EXERCISE AIM:
Give the data again in full, without pictures.

[SOURCE DATA]

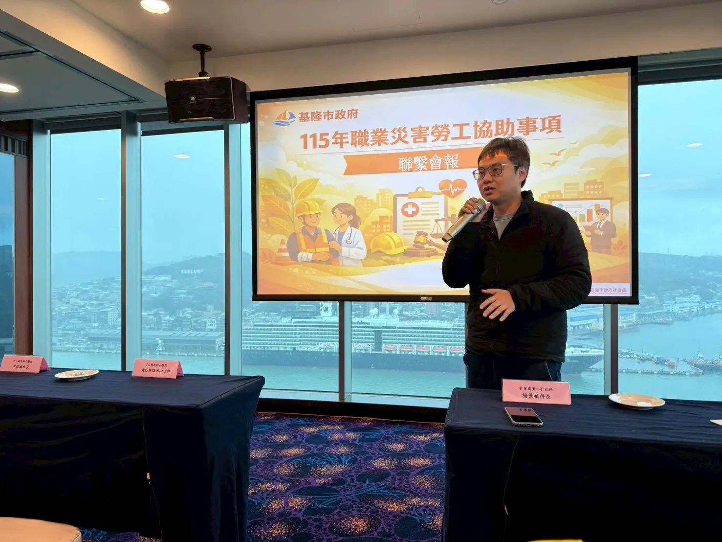 基隆市政府於115年3月9日假基隆長榮桂冠酒店辦理「115年職業災害勞工協助事項—職災重返職場說明宣導、聯繫會報暨個案研討聯合會議」,邀集北北基地區事業單位、工會代表、職業傷病診治專責醫院、認可職能復健機構、就業服務單位、社會安全網及相關專業人員,透過專業分享與跨單位交流,強化區域整合與服務效能。
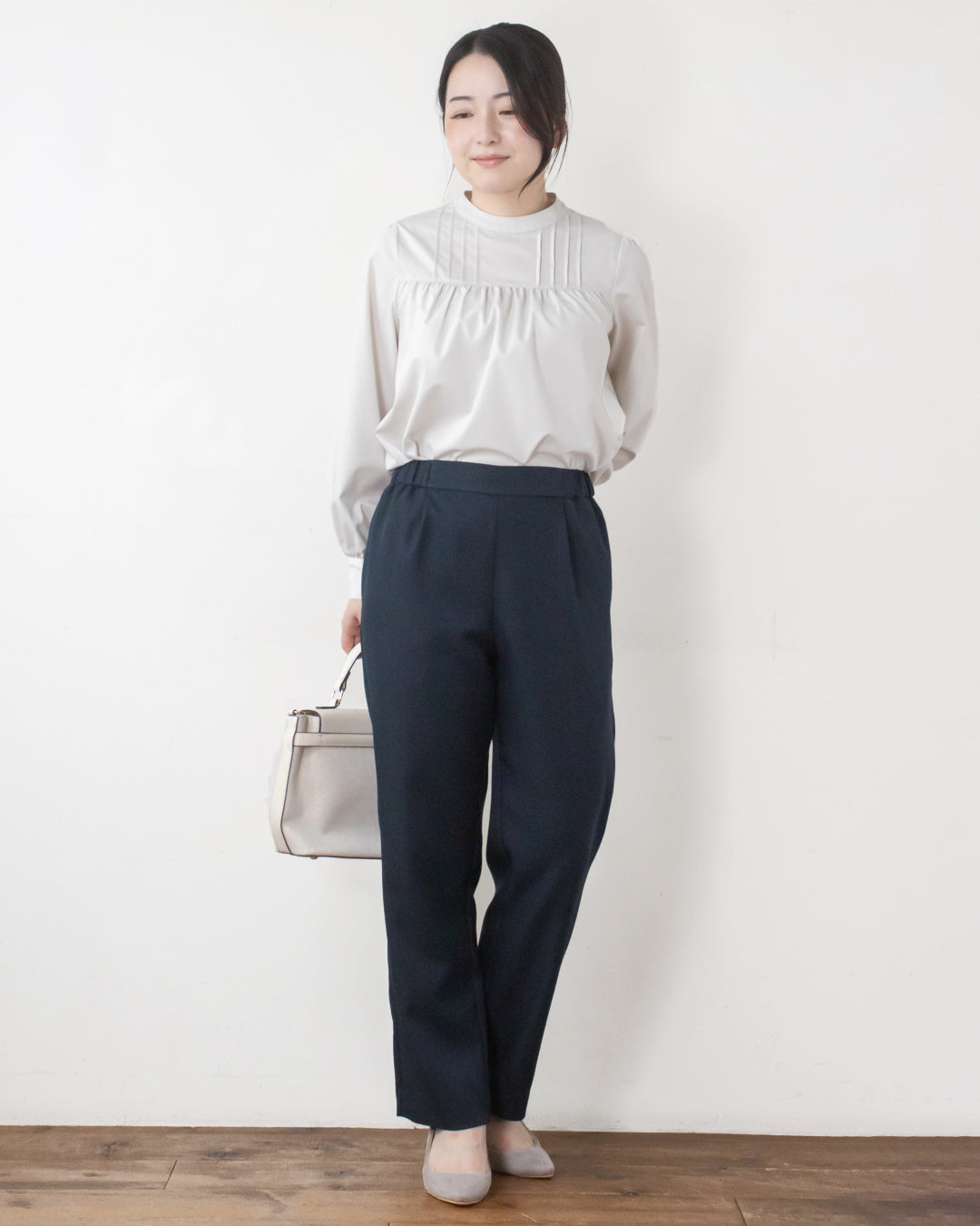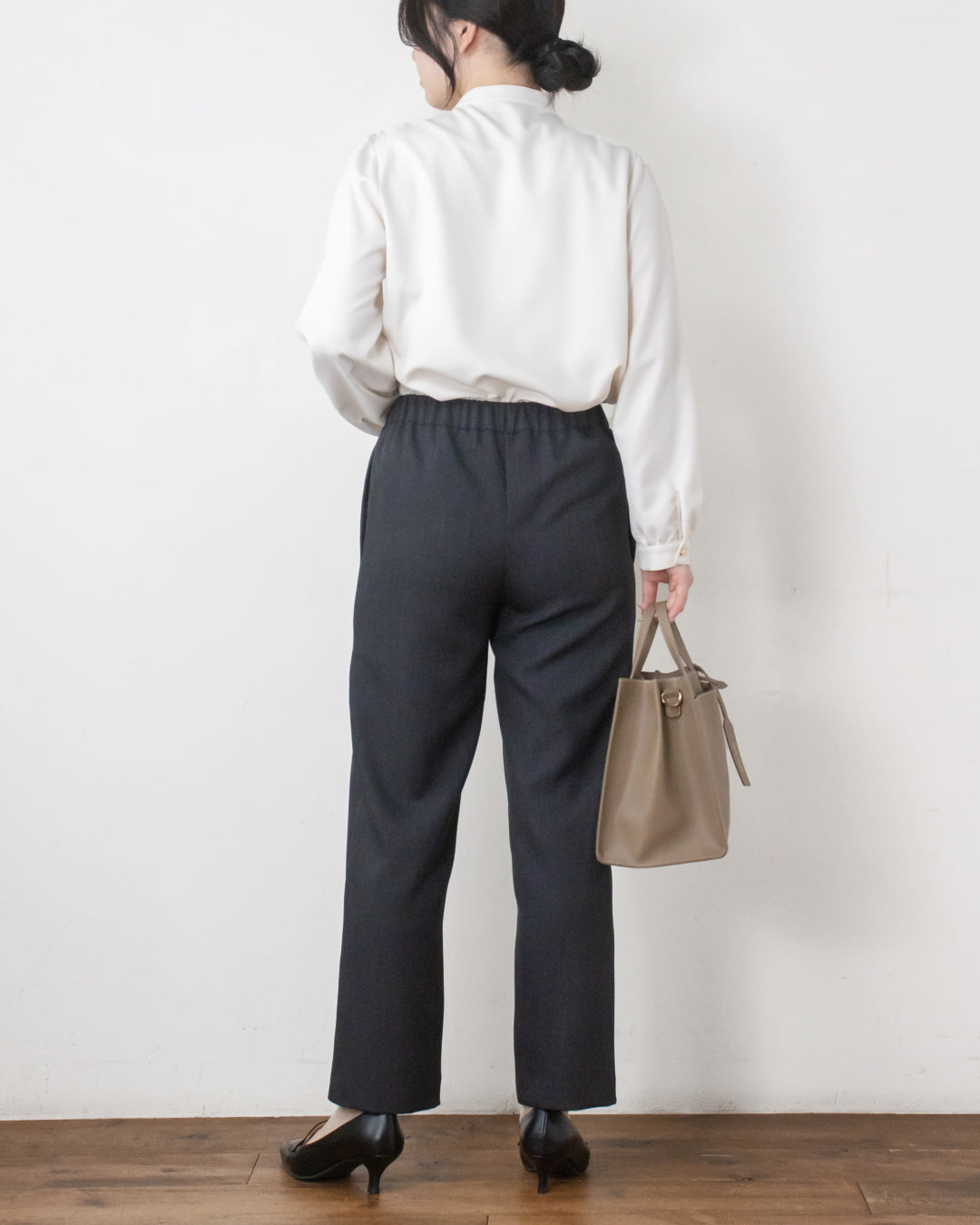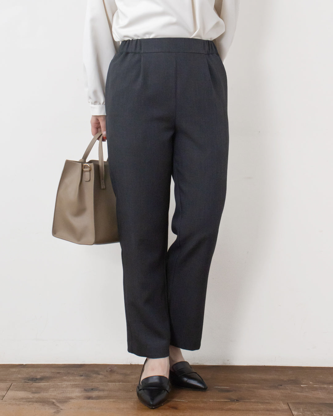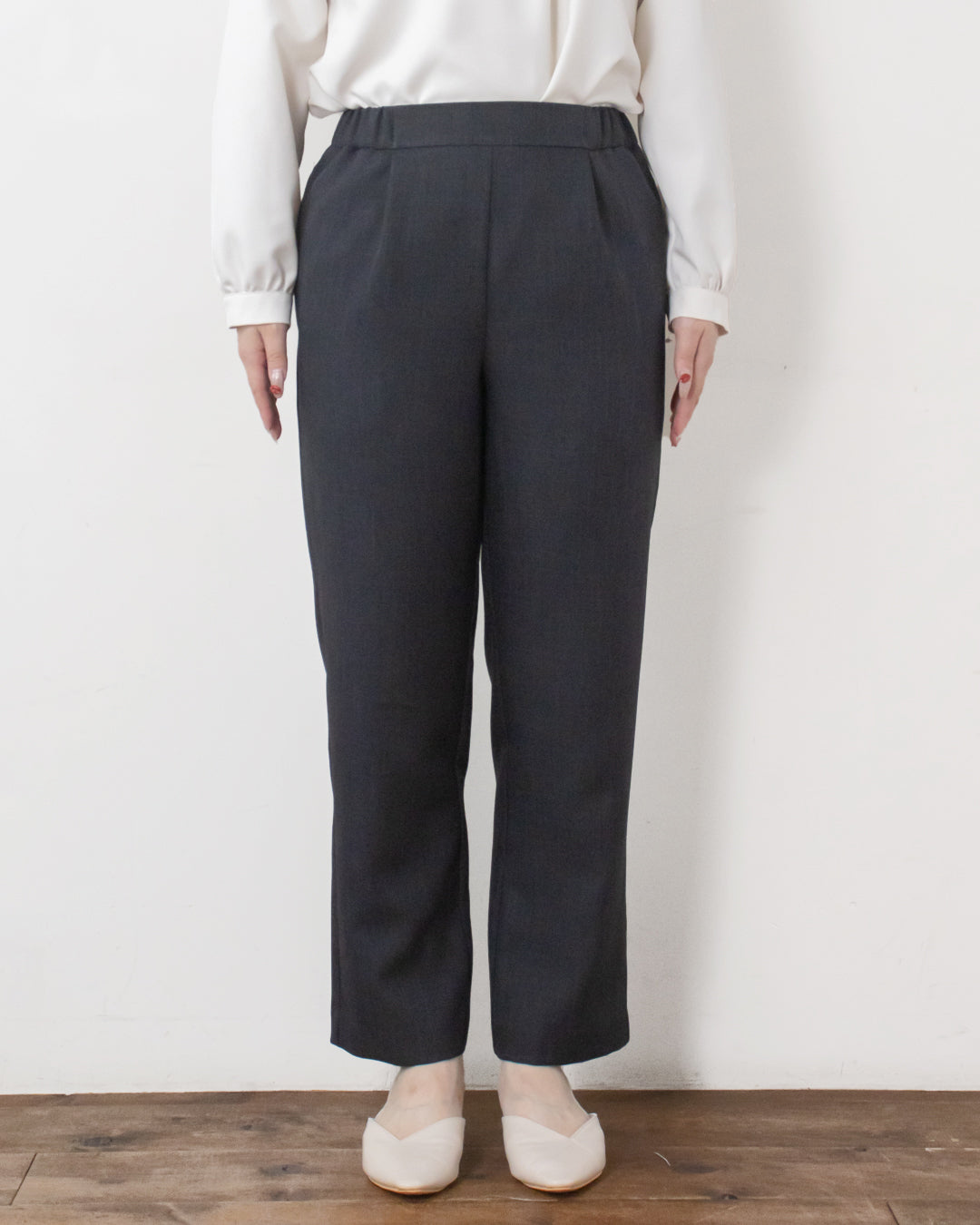 ■ポイント ・ウエスト前脇側部分からのゴム仕様で腰回りの張り感が目立たない ・足にシルエットを拾いすぎないストレートパンツ ・ポリエステル素材でシワになりにくくお手入れ楽ちん
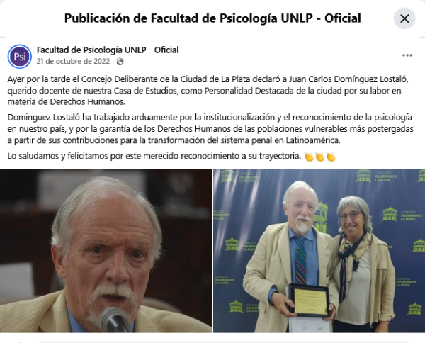 Este jueves la Legislatura de la Provincia de Buenos Aires declaró Personalidad Destacada de la Provincia de Buenos Aires a Juan Carlos Dominguez Lostaló.
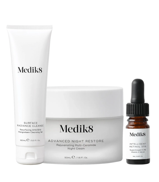 Zestaw Medik8 łączy skuteczne oczyszczanie, nocną regenerację oraz działanie retinolu w pielęgnacji przeciwstarzeniowej. Połączenie żelu złuszczającego Surface Radiance Cleanse z odżywczym kremem Advanced Night Restore sprawia, że skóra staje się wyraźnie gładsza, bardziej promienna i pełna świeżości.

[/SOURCE DATA]

EXERCISE RESULT:
 基隆市政府於115年3月9日假基隆長榮桂冠酒店辦理「115年職業災害勞工協助事項—職災重返職場說明宣導、聯繫會報暨個案研討聯合會議」,邀集北北基地區事業單位、工會代表、職業傷病診治專責醫院、認可職能復健機構、就業服務單位、社會安全網及相關專業人員,透過專業分享與跨單位交流,強化區域整合與服務效能。
 ■ポイント ・ウエスト前脇側部分からのゴム仕様で腰回りの張り感が目立たない ・足にシルエットを拾いすぎないストレートパンツ ・ポリエステル素材でシワになりにくくお手入れ楽ちん
 Este jueves la Legislatura de la Provincia de Buenos Aires declaró Personalidad Destacada de la Provincia de Buenos Aires a Juan Carlos Dominguez Lostaló.
 Zestaw Medik8 łączy skuteczne oczyszczanie, nocną regenerację oraz działanie retinolu w pielęgnacji przeciwstarzeniowej. Połączenie żelu złuszczającego Surface Radiance Cleanse z odżywczym kremem Advanced Night Restore sprawia, że skóra staje się wyraźnie gładsza, bardziej promienna i pełna świeżości.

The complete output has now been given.